═══ Data extracts ═══

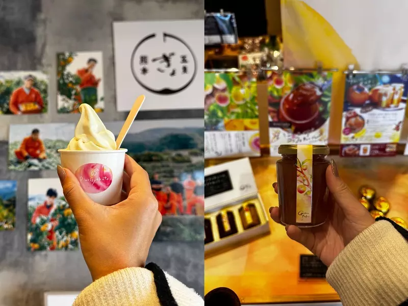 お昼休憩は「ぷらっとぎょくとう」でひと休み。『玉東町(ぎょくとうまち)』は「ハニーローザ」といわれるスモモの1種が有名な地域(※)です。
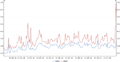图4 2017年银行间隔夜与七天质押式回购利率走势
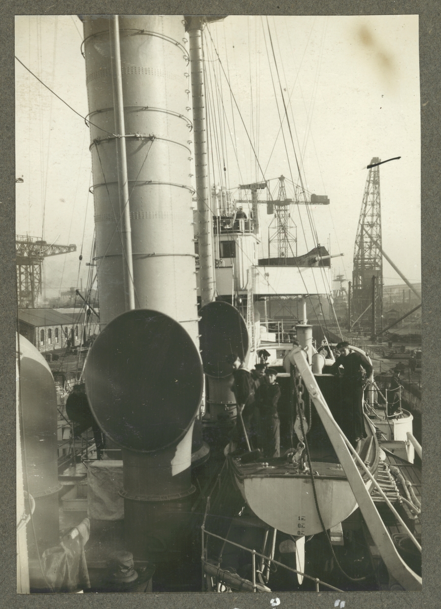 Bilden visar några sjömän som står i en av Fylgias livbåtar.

═══
═══ Data extracts ═══

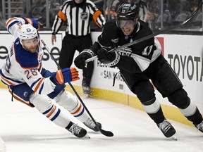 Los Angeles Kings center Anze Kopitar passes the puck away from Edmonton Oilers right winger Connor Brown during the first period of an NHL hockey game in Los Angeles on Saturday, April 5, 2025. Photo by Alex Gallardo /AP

═══

Restate the lines above from the one containing "お昼休憩は「ぷらっとぎょくと" through the one containing "Bilden visar några", inclusive, exactly and without pictures.

 お昼休憩は「ぷらっとぎょくとう」でひと休み。『玉東町(ぎょくとうまち)』は「ハニーローザ」といわれるスモモの1種が有名な地域(※)です。
图4 2017年银行间隔夜与七天质押式回购利率走势
 Bilden visar några sjömän som står i en av Fylgias livbåtar.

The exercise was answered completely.